(Record extracts Opens)
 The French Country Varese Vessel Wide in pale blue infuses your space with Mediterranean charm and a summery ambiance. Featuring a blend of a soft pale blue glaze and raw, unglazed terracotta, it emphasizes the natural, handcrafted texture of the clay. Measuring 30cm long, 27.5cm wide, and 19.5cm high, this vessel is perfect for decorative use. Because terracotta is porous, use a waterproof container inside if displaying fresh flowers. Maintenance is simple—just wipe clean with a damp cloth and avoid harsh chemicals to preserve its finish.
(Record extracts Closes)
(Record extracts Opens)
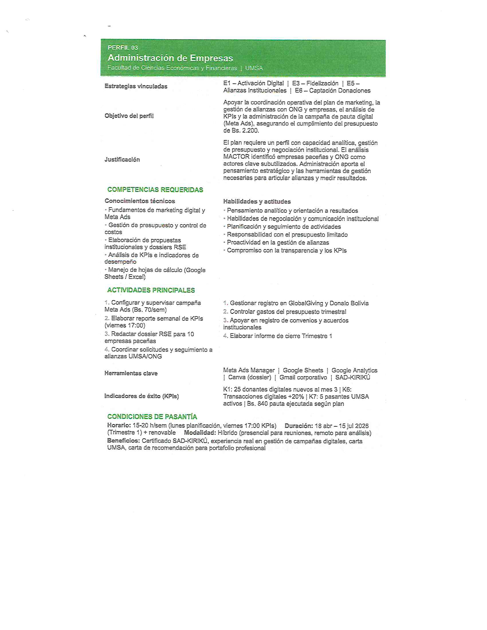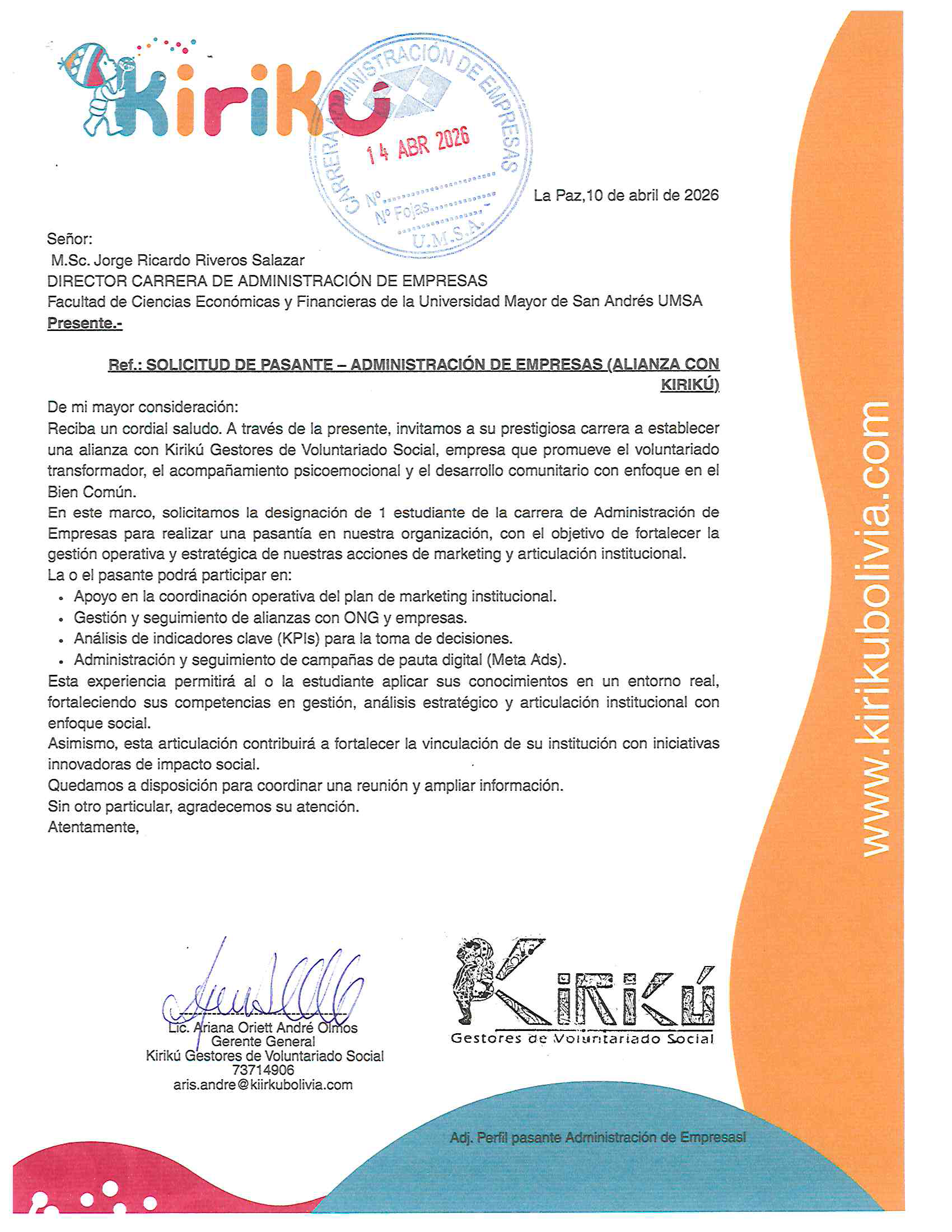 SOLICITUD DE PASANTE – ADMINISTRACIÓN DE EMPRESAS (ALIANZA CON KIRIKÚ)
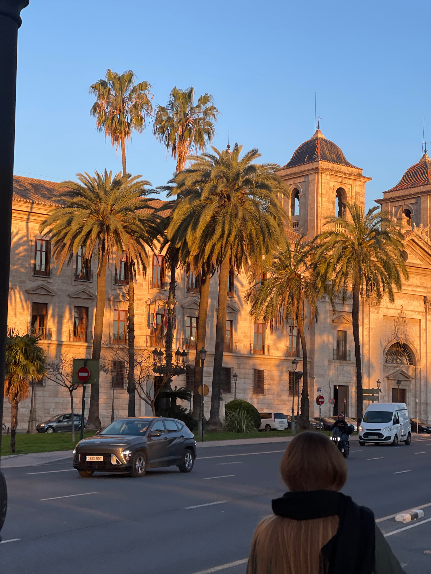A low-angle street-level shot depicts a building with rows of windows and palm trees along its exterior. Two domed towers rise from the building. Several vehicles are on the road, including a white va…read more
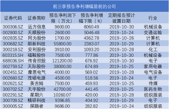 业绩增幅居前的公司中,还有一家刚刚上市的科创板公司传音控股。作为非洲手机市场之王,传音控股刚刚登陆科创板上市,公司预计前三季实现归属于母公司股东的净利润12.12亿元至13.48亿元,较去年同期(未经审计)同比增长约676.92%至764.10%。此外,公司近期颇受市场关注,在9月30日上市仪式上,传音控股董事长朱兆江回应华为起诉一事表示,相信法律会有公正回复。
(Record extracts Closes)
◆ Problem description
Text only, no pictures: please print exactly the lines above from the line with "A low-angle street-level" up to and including the line with "业绩增幅居前的公司中,还有一", and nothing else.

◆ Solved exercise
A low-angle street-level shot depicts a building with rows of windows and palm trees along its exterior. Two domed towers rise from the building. Several vehicles are on the road, including a white va…read more
 业绩增幅居前的公司中,还有一家刚刚上市的科创板公司传音控股。作为非洲手机市场之王,传音控股刚刚登陆科创板上市,公司预计前三季实现归属于母公司股东的净利润12.12亿元至13.48亿元,较去年同期(未经审计)同比增长约676.92%至764.10%。此外,公司近期颇受市场关注,在9月30日上市仪式上,传音控股董事长朱兆江回应华为起诉一事表示,相信法律会有公正回复。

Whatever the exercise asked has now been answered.